__PROMPT__. When you restate the data, keep every word as it is and drop the images.

__AVAILABLE DATA__.

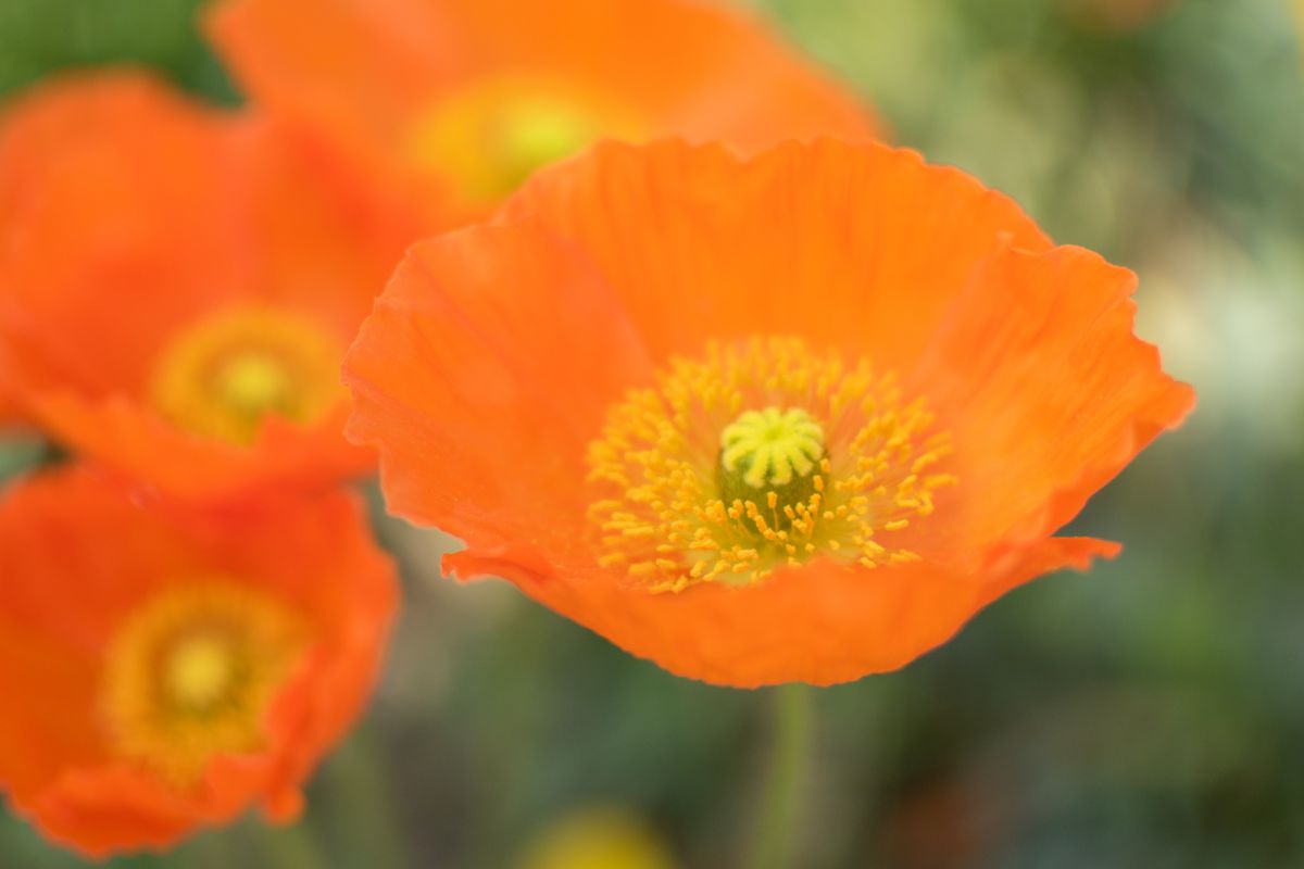 手前にある花にピントを合わせると後ろの花がぼけ、奥行きのある写真に。遠くにある花や、人にピントを合わせ、さらにレンズの手前にある花をファインダーの中に入れると、手前に広がりが出て柔らかい雰囲気を増すことができます。絞りの値を変えて、ボケのレベルの違いを楽しんでみてください。
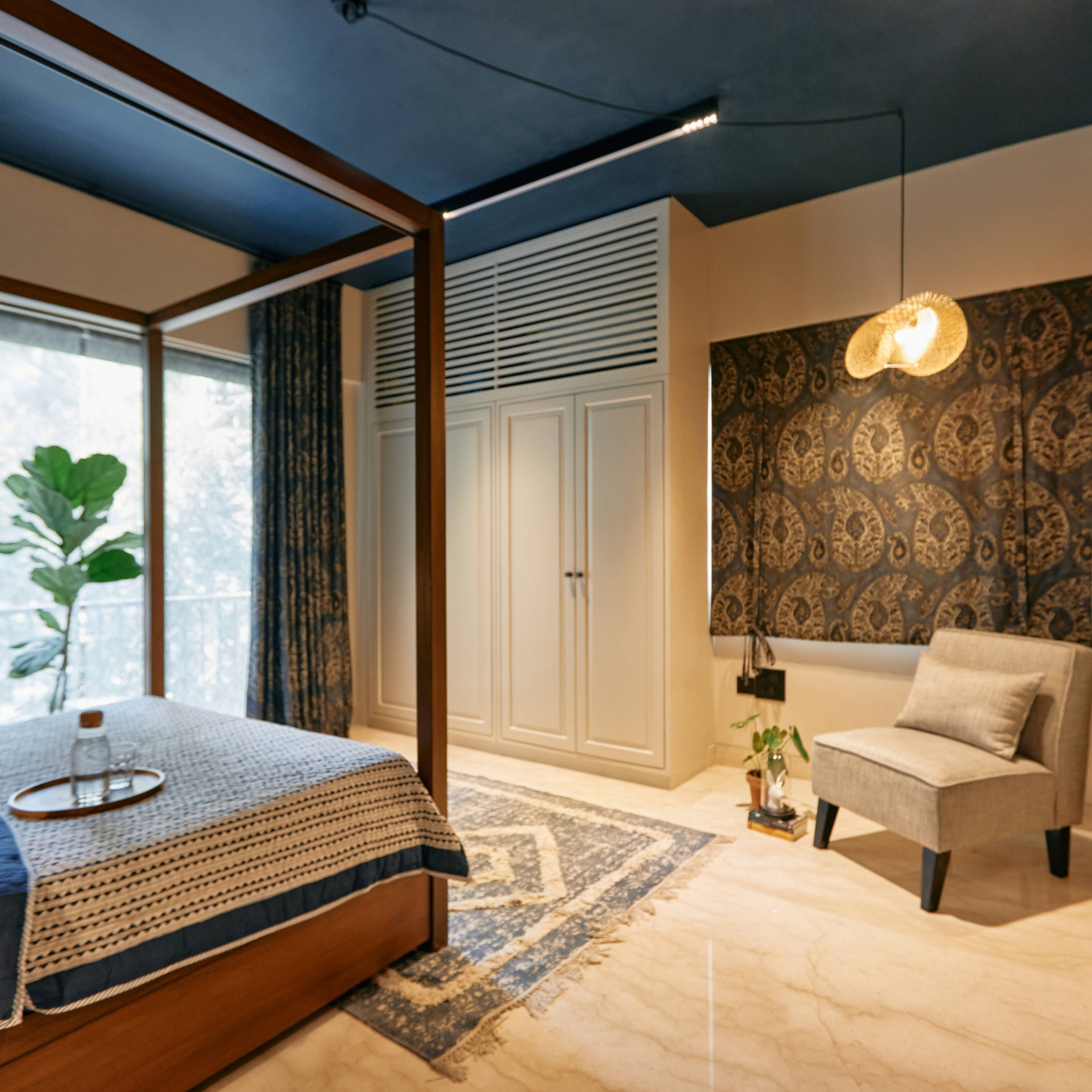 The second bedroom flips the conventional design rule book with an indigo ceiling and white walls. The white cabinetry melds into the walls, while the solid-wood four-poster bed provides an earthy offset to the contemporary scheme.
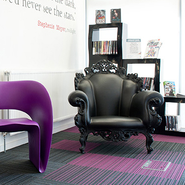 Grand fauteuil pour adultes et un cadre idéal pour raconter des histoires aux enfants.
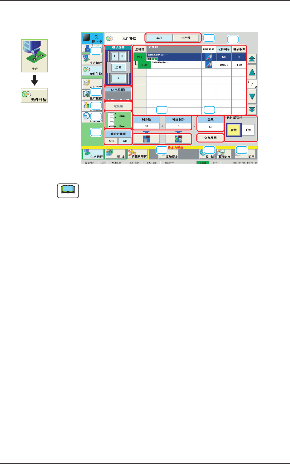 2OM-1752 1-12 3. 元件补给 [1] [3] [4] [2] [9] [7] [10] [6] [5] [8] [11] [12] “ 元件补给 ” 界面 F2A11 Note 界面显示根据所选择的选项而有所不同。 [1] 模块选择 显示送料器模块的图像。 按下各模块按钮,对应模块的送料器信息便显示在 “ [2]送料器一览 ” 中。 1304-001 界面展开 3. 元件补给

__ANSWER TO THE EXERCISE__.
 手前にある花にピントを合わせると後ろの花がぼけ、奥行きのある写真に。遠くにある花や、人にピントを合わせ、さらにレンズの手前にある花をファインダーの中に入れると、手前に広がりが出て柔らかい雰囲気を増すことができます。絞りの値を変えて、ボケのレベルの違いを楽しんでみてください。
 The second bedroom flips the conventional design rule book with an indigo ceiling and white walls. The white cabinetry melds into the walls, while the solid-wood four-poster bed provides an earthy offset to the contemporary scheme.
 Grand fauteuil pour adultes et un cadre idéal pour raconter des histoires aux enfants.
 2OM-1752 1-12 3. 元件补给 [1] [3] [4] [2] [9] [7] [10] [6] [5] [8] [11] [12] “ 元件补给 ” 界面 F2A11 Note 界面显示根据所选择的选项而有所不同。 [1] 模块选择 显示送料器模块的图像。 按下各模块按钮,对应模块的送料器信息便显示在 “ [2]送料器一览 ” 中。 1304-001 界面展开 3. 元件补给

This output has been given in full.